Let's also look at one more example taken from here. You may notice that for different points it is the case that for lasso the intersection often happens on the corners, while for ridge at different locations.

Next, let's go one step further and consider not only $\ell_2$ and $\ell_1$ penalties, but also $\ell_p$ with $0 < p < 1$. As you can see in the image below, it's even more "spiky" and has a concave shape. In such a case, the "spike" is something that the linear regression ovals will touch almost always because it's the most sticking out point. With $\ell_1$ it's less extreme, but the same logic applies.

In the end, let's go back to geometry. The circle is a geometric shape such that all the points on its boundary are equidistant from the center. In the case of squares, the corners are the most distant points from the center. If something approaches the shapes from the outside, it is likely to first touch the most external point, that would be the corners for the square and any point on the boundary for the circle.
Finally, this is visible even if we use your picture but for linear regression cost, we draw a perfect oval. Notice that it touches the non-zero point faster than the zero.

A: It is not shrinking to zero
When estimated coefficients are zero in Ridge regression, then it is only because a parameter value crossed the value of 0. It is not because it shrank to zero, when the penalty is further increased the coefficient won't remain zero.
Below is an example image for showing that the difference between Lasso (shrinking to zero) and Ridge regression (crossing zero).

In the Lasso regression on the left you see that, as we increase the level of regularisation (reduce the $\ell_1$ norm) more and more coefficients will be zero and they remain zero when we increase the level of regularisation further.
In the Ridge regression on the right, the coefficient related to the green curve is shortly equal to zero when the $\ell_1$ norm of the coefficients is around 0.55. But the coefficient only passes zero and for stronger regularisation levels it is non-zero again.
The reason that coefficients can be zero with ridge regression is because the ridge regression follows a curved path.

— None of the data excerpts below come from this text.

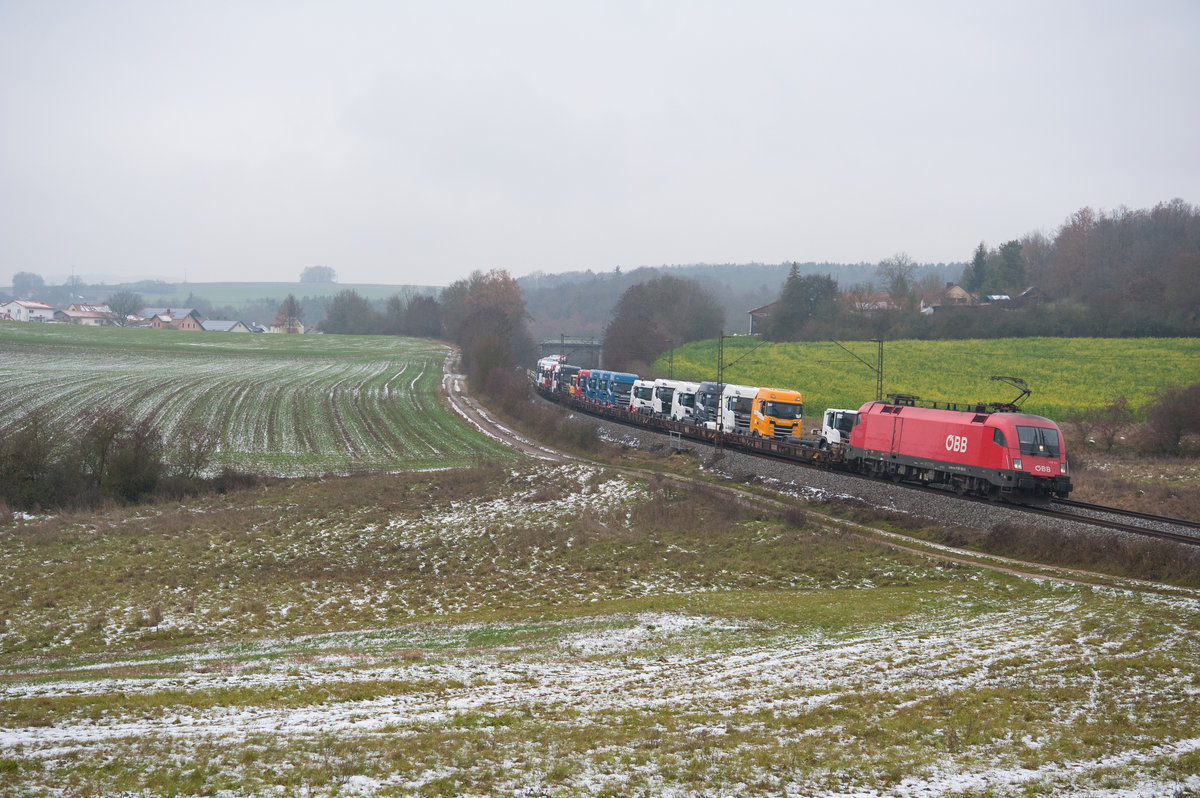 1116 183 mit neuen Nutzfahrzeugen bei Edlhausen Richtung Regensburg, 22.11.2018
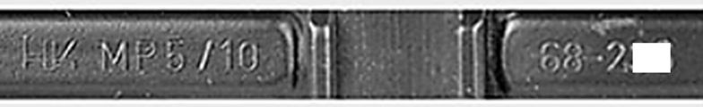 Markings einer MP5/10 plus Seriennummer vierstellig, plus deutsches amtliches Beschusszeichen, Datecode (unleserlich) und Ulmer Beschusszeichen.
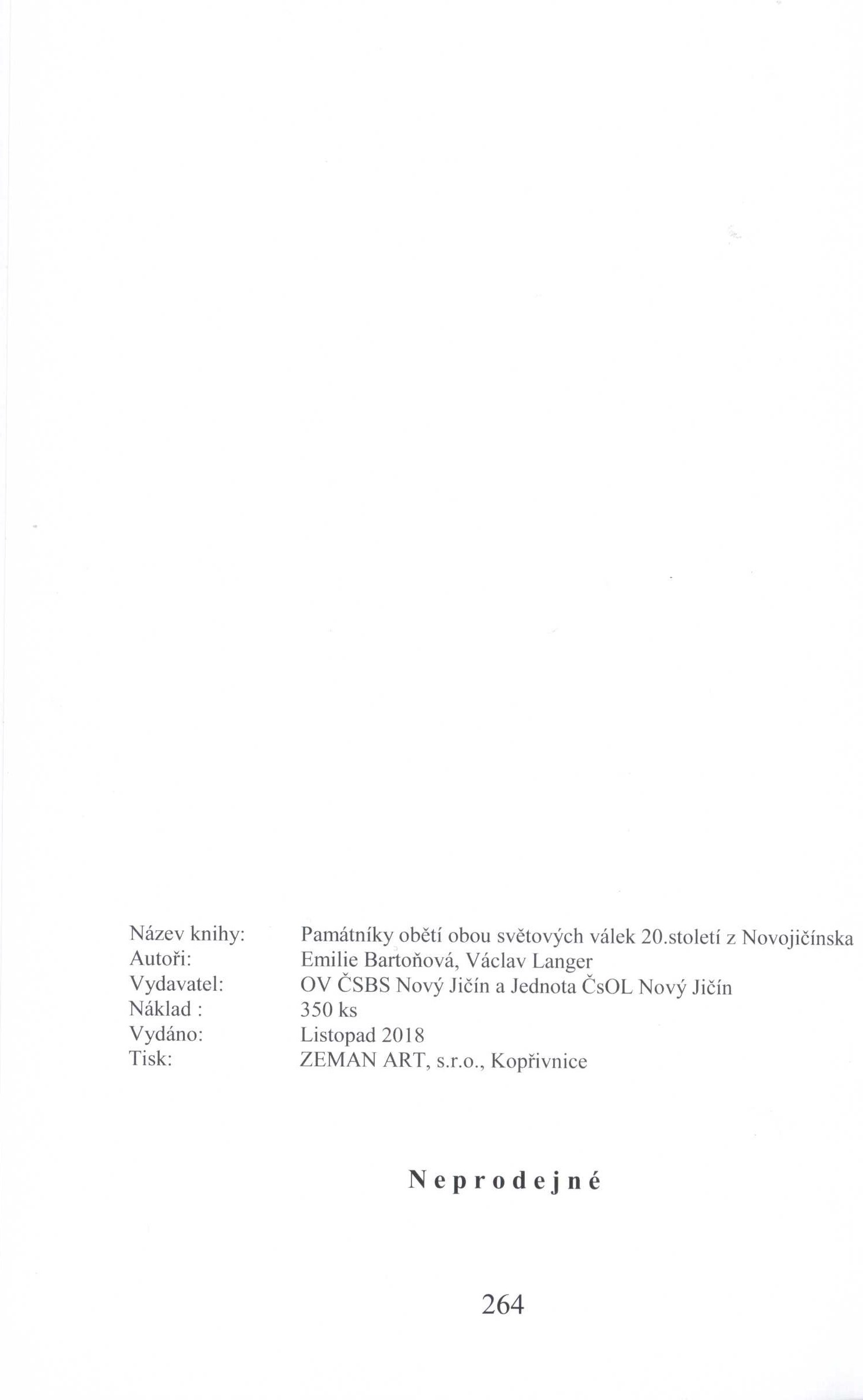Title information Památníky obětí obou světových válek 20. století z Novojičínska / Emilie Bartoňová, Václav Langer Personal name Bartoňová, Emilie (Author) Další autoři Langer, Václav, 1934- (Author) Corporation ZEMAN ART, s.r.o. (tiskárna) (Printer) Český svaz bojovníků za svobodu. Oblastní výbor Lidice (Publisher) Československá obec legionářská. Jednota Nový Jičín (Publisher) Publication Nový Jičín : Český svaz bojovníků za svobodu, Oblastní výbor Nový Jičín : Československá obec legionářská, Jednota Nový Jičín, 2018 Manufacture Kopřivnice : ZEMAN ART, s.r.o. Scope 264 stran : barevné ilustrace ; 22 cm ISBN 978-80-270-5796-2 (v knize neuvedeno ; vázáno) : neprodejné Country Czech Republic Language Czech Note Modrá vazba s barevnou fotografií, černý text. - Přispěvatelé vydání knihy. - Úvod autorů. - Obsah. - Pamětní místa (barevná fotografie, popis, poznámky). - Doslov. - Na zadní straně vazby barevné znaky OV ČSBS Nový Jičín a Jednoty ČsOL Nový Jičín.

See Intuition for nonmonotonicity of coefficient paths in ridge regression
The probability of a zero coefficient
The above is more like a semantic comment about the terminology and meaning of 'shrinking'. If we ignore that, then you might still wonder why a zero coefficient is almost surely not occuring (it can occur but the probability is just zero).
This is similar to your other question Why in the Ridge regression, the coefficients cannot be 0? and is similar to $P[X=x]=0$ when $X$ is a continuous variable But here you are looking for a geometric interpretation, based on your drawing.
If we look at the case of Lasso, then we see that there are many circles that touch the square in the points/corners where one of the coefficients is zero. There is a range values for which this occurs and that range has a non-zero probability.
In the case of ridge there are only four possible single points such that the circles touch a circle in a points/corners where one of the coefficients is zero. For these single points there is zero probability that you have these as the OLS solution.